* _Exercise description_
Among the entries below, only the lines from the one with "- Разложить острый" through the one with "8月29日晚间,诺德基金发布" are to be retyped, exactly and without pictures.

* _Exercise materials_
____

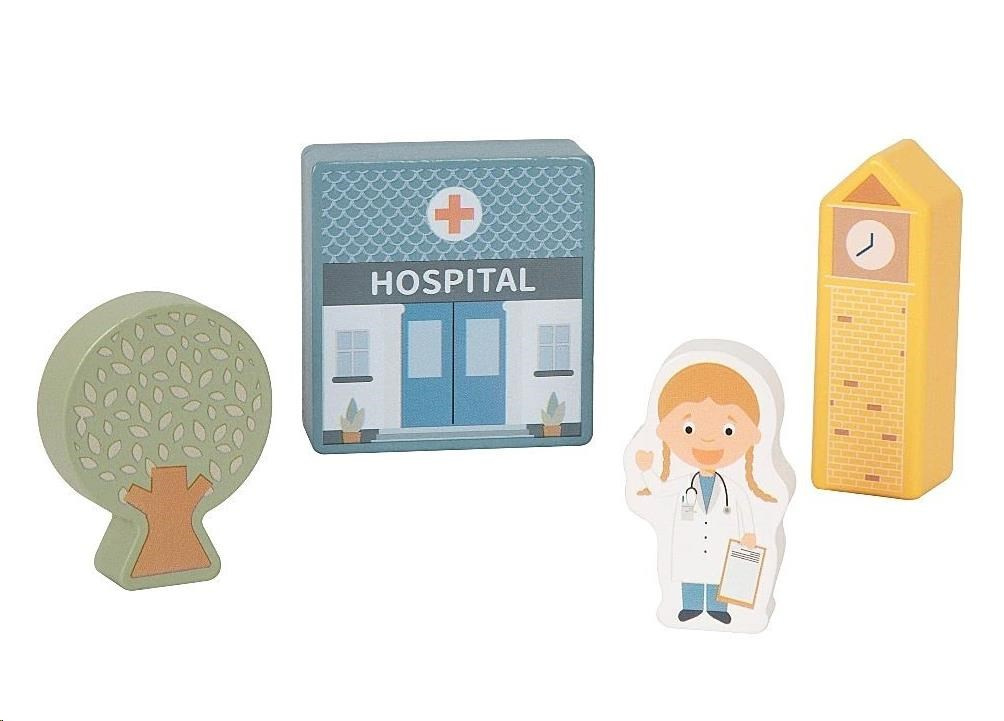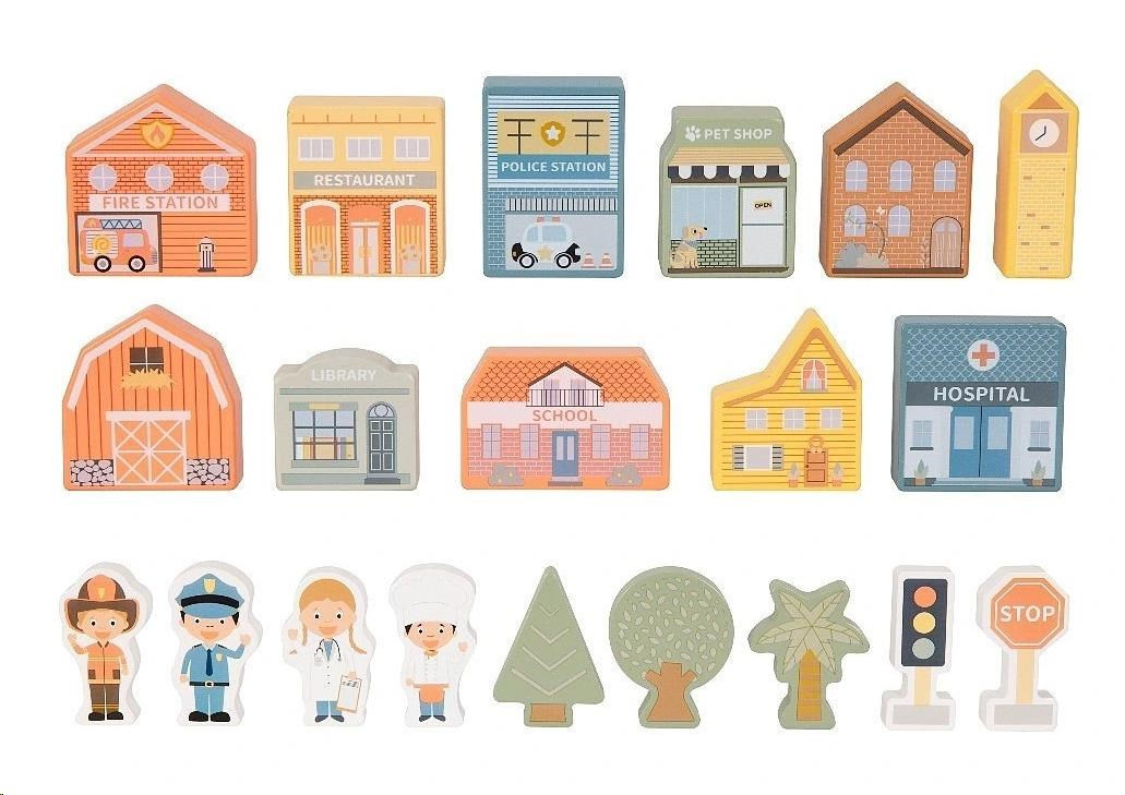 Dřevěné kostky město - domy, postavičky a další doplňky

____

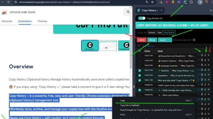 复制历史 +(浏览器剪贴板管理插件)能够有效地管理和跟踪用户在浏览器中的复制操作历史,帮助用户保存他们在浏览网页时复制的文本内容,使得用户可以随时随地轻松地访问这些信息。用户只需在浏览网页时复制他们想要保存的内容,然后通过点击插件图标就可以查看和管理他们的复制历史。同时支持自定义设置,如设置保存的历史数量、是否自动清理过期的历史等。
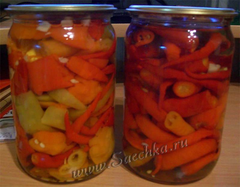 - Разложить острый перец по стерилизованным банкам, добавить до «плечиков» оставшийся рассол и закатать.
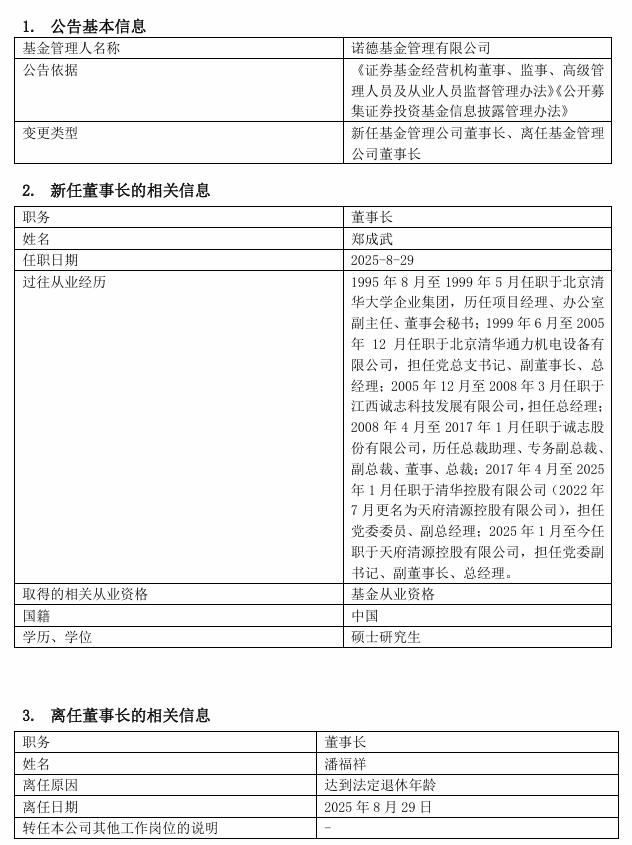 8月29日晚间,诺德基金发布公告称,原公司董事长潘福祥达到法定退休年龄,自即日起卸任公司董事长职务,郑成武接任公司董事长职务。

____

* _Finished task_
 - Разложить острый перец по стерилизованным банкам, добавить до «плечиков» оставшийся рассол и закатать.
 8月29日晚间,诺德基金发布公告称,原公司董事长潘福祥达到法定退休年龄,自即日起卸任公司董事长职务,郑成武接任公司董事长职务。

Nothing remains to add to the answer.